====== Source material
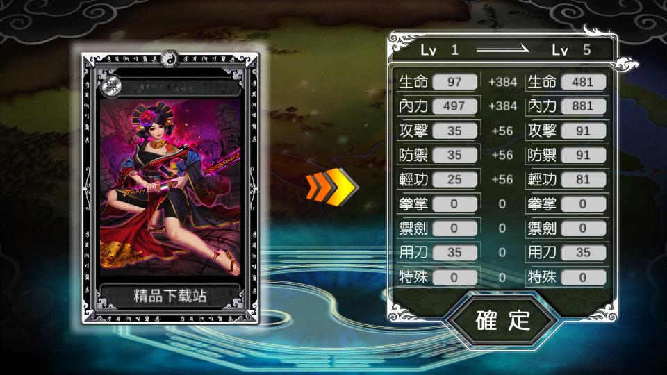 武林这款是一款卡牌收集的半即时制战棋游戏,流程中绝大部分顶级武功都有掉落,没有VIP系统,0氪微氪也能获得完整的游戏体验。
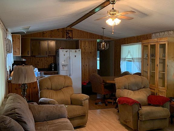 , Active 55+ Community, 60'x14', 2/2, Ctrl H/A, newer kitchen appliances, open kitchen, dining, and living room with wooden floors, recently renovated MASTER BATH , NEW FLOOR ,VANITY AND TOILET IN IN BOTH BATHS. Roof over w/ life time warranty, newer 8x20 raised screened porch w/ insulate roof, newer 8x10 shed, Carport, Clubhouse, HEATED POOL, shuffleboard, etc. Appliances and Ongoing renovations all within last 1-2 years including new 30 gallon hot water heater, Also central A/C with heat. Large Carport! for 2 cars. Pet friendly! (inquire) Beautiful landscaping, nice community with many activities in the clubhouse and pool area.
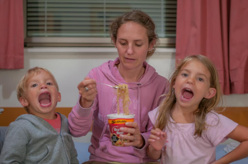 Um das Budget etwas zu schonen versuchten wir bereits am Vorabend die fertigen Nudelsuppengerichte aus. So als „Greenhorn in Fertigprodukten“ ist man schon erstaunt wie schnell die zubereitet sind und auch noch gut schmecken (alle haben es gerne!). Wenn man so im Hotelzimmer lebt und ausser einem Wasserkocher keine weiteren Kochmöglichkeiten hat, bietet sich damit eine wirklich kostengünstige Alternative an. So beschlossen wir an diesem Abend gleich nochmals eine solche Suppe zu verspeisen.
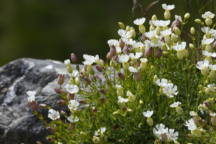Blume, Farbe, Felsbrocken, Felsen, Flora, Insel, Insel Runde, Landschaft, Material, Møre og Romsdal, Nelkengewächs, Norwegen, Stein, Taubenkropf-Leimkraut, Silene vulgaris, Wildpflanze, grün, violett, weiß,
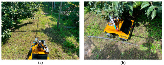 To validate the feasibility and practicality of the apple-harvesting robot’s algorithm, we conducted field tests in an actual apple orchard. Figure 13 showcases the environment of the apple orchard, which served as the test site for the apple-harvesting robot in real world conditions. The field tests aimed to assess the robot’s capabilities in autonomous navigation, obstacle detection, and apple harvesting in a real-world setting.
============
====== Source material
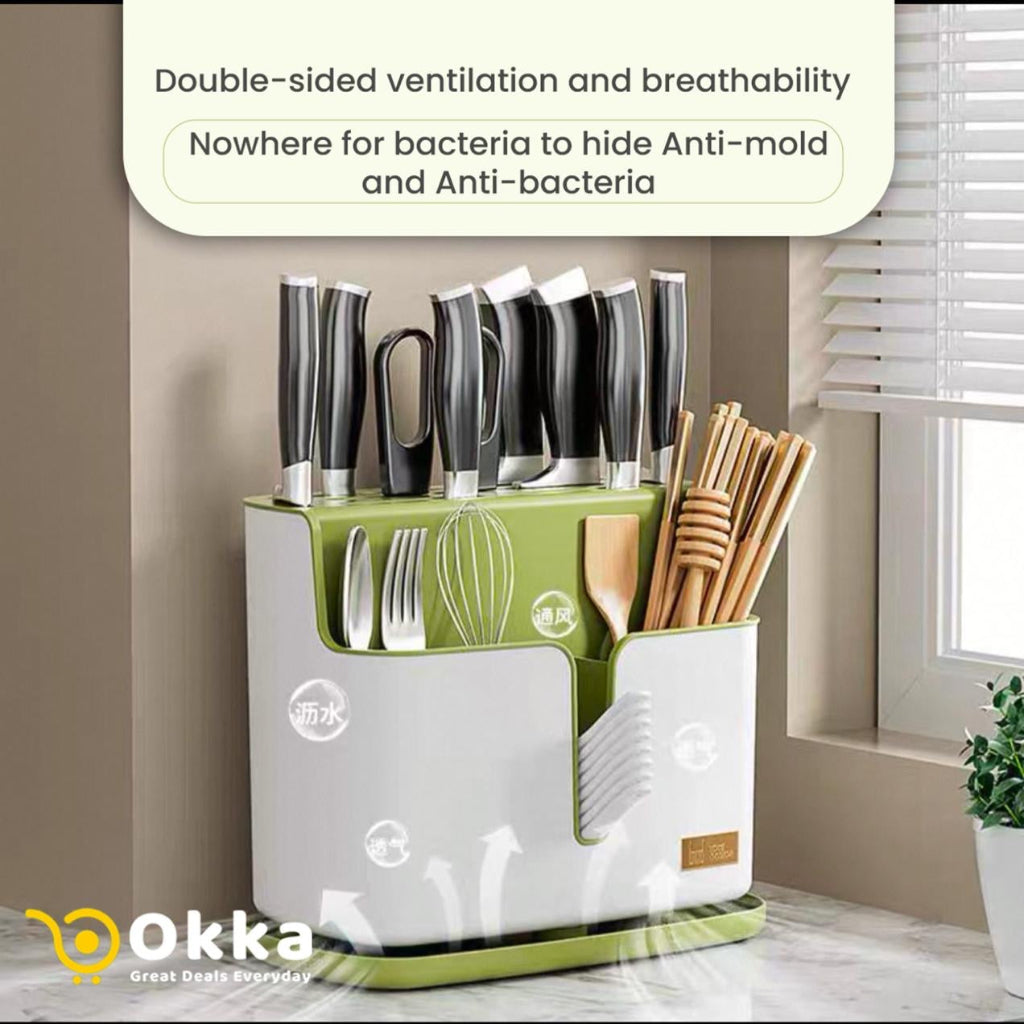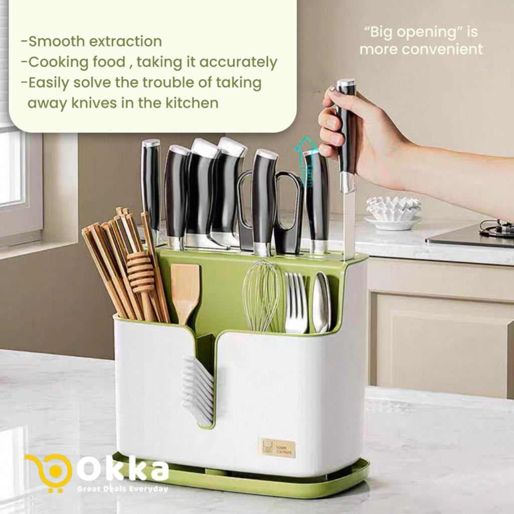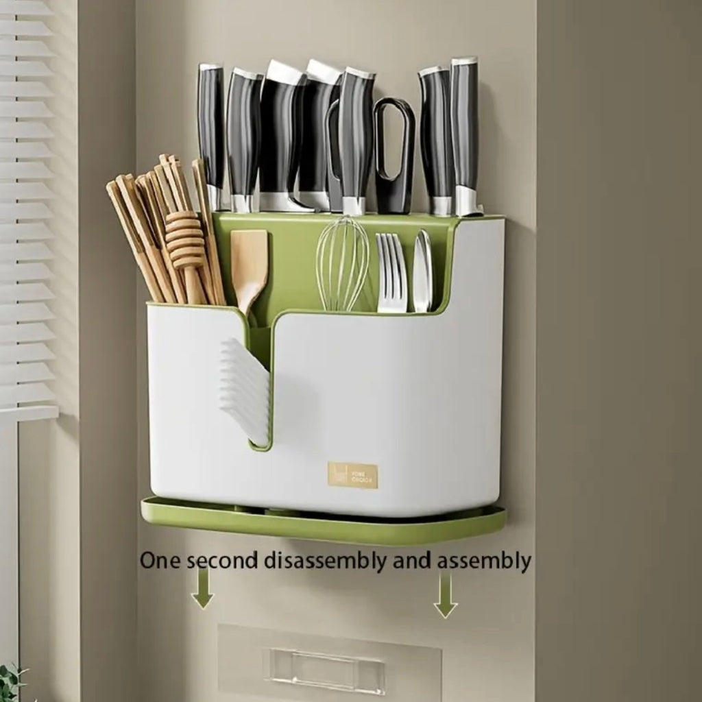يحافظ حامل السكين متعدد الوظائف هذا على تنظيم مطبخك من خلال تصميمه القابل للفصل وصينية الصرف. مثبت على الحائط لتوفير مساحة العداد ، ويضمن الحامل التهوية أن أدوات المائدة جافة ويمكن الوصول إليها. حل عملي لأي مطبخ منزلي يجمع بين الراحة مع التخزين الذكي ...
============
Your goal:
Starting at the line containing "武林这款是一款卡牌收集的半即" and stopping at the line containing "Um das Budget", output every line above exactly, both ends included, with pictures omitted.

Exercise solution:
 武林这款是一款卡牌收集的半即时制战棋游戏,流程中绝大部分顶级武功都有掉落,没有VIP系统,0氪微氪也能获得完整的游戏体验。
 , Active 55+ Community, 60'x14', 2/2, Ctrl H/A, newer kitchen appliances, open kitchen, dining, and living room with wooden floors, recently renovated MASTER BATH , NEW FLOOR ,VANITY AND TOILET IN IN BOTH BATHS. Roof over w/ life time warranty, newer 8x20 raised screened porch w/ insulate roof, newer 8x10 shed, Carport, Clubhouse, HEATED POOL, shuffleboard, etc. Appliances and Ongoing renovations all within last 1-2 years including new 30 gallon hot water heater, Also central A/C with heat. Large Carport! for 2 cars. Pet friendly! (inquire) Beautiful landscaping, nice community with many activities in the clubhouse and pool area.
 Um das Budget etwas zu schonen versuchten wir bereits am Vorabend die fertigen Nudelsuppengerichte aus. So als „Greenhorn in Fertigprodukten“ ist man schon erstaunt wie schnell die zubereitet sind und auch noch gut schmecken (alle haben es gerne!). Wenn man so im Hotelzimmer lebt und ausser einem Wasserkocher keine weiteren Kochmöglichkeiten hat, bietet sich damit eine wirklich kostengünstige Alternative an. So beschlossen wir an diesem Abend gleich nochmals eine solche Suppe zu verspeisen.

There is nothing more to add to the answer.